Confidentiality clauses and whistleblowing

Human resource’s tangled web – confidentiality clauses and whistleblowing

South Africa’s labour law is generally considered to be substantial and in-depth, covering a broad spectrum of rules and regulations.  Legislation is now even more significant because of the importance placed on data use and protection, and the significance of the Protection of Personal Information (PoPIA) Act. So what happens in the event of a labour dispute and the use or misuse of confidentiality agreements or confidentiality clauses?

Leading human capital management services and solutions specialist CRS Technologies says digitalisation has had a profound impact on businesses, with data acknowledged and intellectual property considered to be the among the most prized assets.

Today, information needs to be accessed, stored, exchanged and utilised in an instant if industries want to remain relevant and competitive.  This is why employers rely heavily on tools like confidentiality agreements to protect information in the first instance, but also ensure that information is used appropriately, legally and in the interests of the company.

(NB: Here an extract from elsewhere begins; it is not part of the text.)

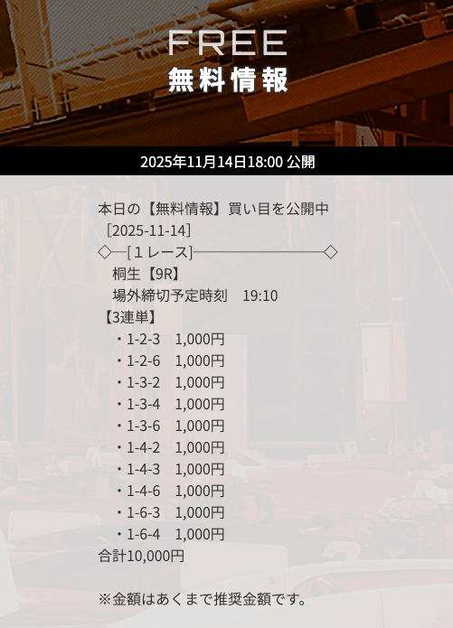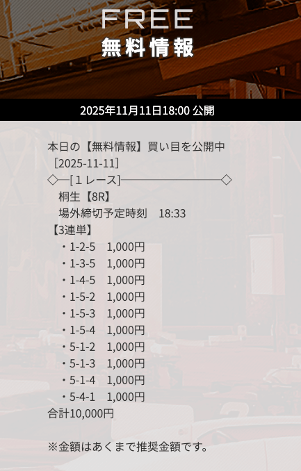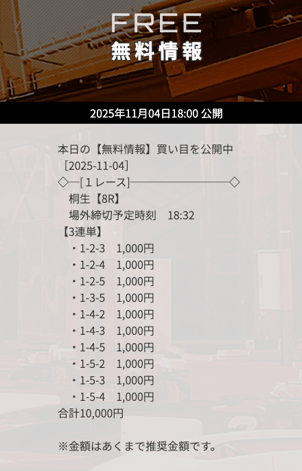 | 11/8 | 桐生8R | 不的中 | 0円 |  |

Nicol Myburgh, Head: CRS Technologies HCM Business Unit, explains that put simply, a confidentiality agreement means employees cannot disclose proprietary data about the company to anyone else without prior consent.

But why is this important for employees and employers to know?

“There are significant repercussions for all parties if a confidentiality agreement is breached. Aside from the basic breakdown of a relationship that is supposed to be based on trust, if guilty, the employee could not only lose his or her job, he or she may also be liable for prosecution in terms of a civil claim levelled against them,” says Myburgh. “The law recognises the rights of all parties involved, but leans a bit more towards the side of the employer in terms of their right to have information protected, and is legally binding in terms of the employees’ responsibilities.”

CRS Technologies highlights the fact that a foundation feature of any labour contract entered into between an employer and employee is the common law obligation to protect the interests of employers, most significantly their data and information about operations.

“And it’s also accepted that the more competitive the industry, the more relevant and serious issues like confidentiality and legally binding agreements become,” adds Myburgh.

“We live in the age of data, of cyber security and corporate espionage. Trade secrets, sensitive information and personal data are considered treasured commodities, and protection is of paramount importance. Employees are the frontline of any operation today and entrusted confidentiality is not a luxury or ‘nice-to-have’, it’s a top priority for companies and one that will continue to be fiercely guarded in the digital economy. Human resources and labour legislation reflect the trend.”